Exercise instructions:
In the material below, count the lines where the word "that" appears. Nothing but the number, please.

The records:
###
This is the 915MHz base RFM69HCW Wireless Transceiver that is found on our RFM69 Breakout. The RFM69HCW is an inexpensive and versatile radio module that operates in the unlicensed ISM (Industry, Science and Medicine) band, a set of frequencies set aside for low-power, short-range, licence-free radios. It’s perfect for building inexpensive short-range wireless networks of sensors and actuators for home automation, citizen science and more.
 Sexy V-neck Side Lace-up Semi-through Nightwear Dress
###
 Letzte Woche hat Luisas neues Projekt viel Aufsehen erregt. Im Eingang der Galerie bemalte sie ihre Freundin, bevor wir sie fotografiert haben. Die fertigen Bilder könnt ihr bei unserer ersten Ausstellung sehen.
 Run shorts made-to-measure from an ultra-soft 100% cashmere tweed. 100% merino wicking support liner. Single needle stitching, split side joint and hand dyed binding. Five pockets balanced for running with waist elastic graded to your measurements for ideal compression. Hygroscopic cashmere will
###
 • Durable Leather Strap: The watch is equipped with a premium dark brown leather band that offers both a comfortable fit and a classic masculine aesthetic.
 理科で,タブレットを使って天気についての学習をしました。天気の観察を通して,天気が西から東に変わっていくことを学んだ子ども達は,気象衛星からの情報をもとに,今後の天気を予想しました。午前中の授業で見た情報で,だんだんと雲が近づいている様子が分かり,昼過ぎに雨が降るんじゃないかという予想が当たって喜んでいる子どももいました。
###
Written answer:
2